The Chevalier de Chabrillane — who in reality occupied towards the Marquis a position akin to that of gentleman-in-waiting — sat opposite to him in the enormous travelling berline. A small folding table had been erected between them, and the Chevalier suggested piquet. But M. le Marquis was in no humour for cards. His thoughts absorbed him. As they were rattling over the cobbles of Nantes’ streets, he remembered a promise to La Binet to witness her performance that night in “The Faithless Lover.” And now he was running away from her. The thought was repugnant to him on two scores. He was breaking his pledged word, and he was acting like a coward. And there was more than that. He had led the mercenary little strumpet — it was thus he thought of her at present, and with some justice — to expect favours from him in addition to the lavish awards which already he had made her. The baggage had almost sought to drive a bargain with him as to her future. He was to take her to Paris, put her into her own furniture — as the expression ran, and still runs — and under the shadow of his powerful protection see that the doors of the great theatres of the capital should be opened to her talents. He had not — he was thankful to reflect — exactly committed himself. But neither had he definitely refused her. It became necessary now to come to an understanding, since he was compelled to choose between his trivial passion for her — a passion quenched already — and his deep, almost spiritual devotion to Mademoiselle de Kercadiou.

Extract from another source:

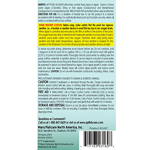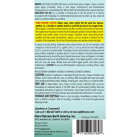 Details: Fast-acting API POND ALGAEFIX Algae Control works to control algae growth in ponds, water gardens, and fountains, keeping water clean and clear. API POND ALGAEFIX Algae Control works to control Green or Green water algae, String or Hair algae and Blanketweed. Will not harm fish and plants when used as directed. API POND ALGAEFIX Algae Control is for pond and fountain use only, where water is contained without any outflow. Ponds must have adequate aeration to maintain sufficient oxygen levels for fish, especially in warmer weather. To determine accurate dosing for your pond size, measure the pond volume before use. Do not use with freshwater crustaceans, including shrimp, crabs, and lobsters. With API POND products, it’s easy to keep a beautiful pond. For over 50 years, API has been creating innovative, research-driven solutions that make it easier to care for your pond. API POND Pond Treatment Supplies are designed to work in conjunction with each other to provide best results to control algae, promote healthy bacterial growth and help control and cure fish diseases and conditions such as ich and fin rot. They work to provide a safe, hospitable environment for fish such as koi, catfish, perch, goldfish and more. With API, you can spend more time admiring your fish, and less time scrubbing your pond. Make sure to use all products as directed in order to ensure the best results.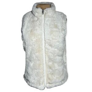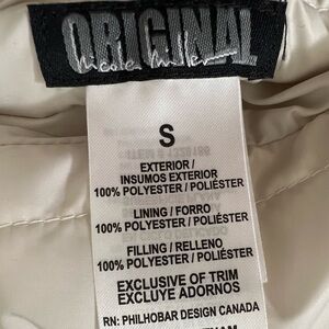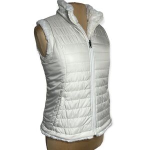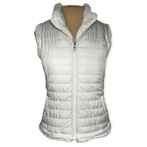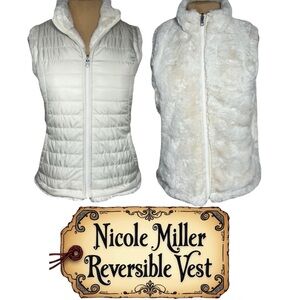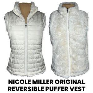 The Nicole Miller Original size S off-white ivory reversible puffer vest is a versatile and stylish outerwear piece. Made from high-quality materials, this puffer vest offers both warmth and comfort. The off-white ivory color adds a touch of elegance and sophistication to your ensemble. What sets this vest apart is its reversible design, providing you with two different styling options in one garment. With its size S fit, it offers a flattering silhouette for individuals with those measurements. Whether you wear it as a standalone outer layer or layer it under a coat for extra warmth, the Nicole Miller Original reversible puffer vest is a fashionable choice that combines practicality and style seamlessly.

His honour, he considered, demanded of him that he should at once deliver himself from a false position. La Binet would make a scene, of course; but he knew the proper specific to apply to hysteria of that nature. Money, after all, has its uses.

He pulled the cord. The carriage rolled to a standstill; a footman appeared at the door.

“To the Theatre Feydau,” said he.

The footman vanished and the berline rolled on. M. de Chabrillane laughed cynically.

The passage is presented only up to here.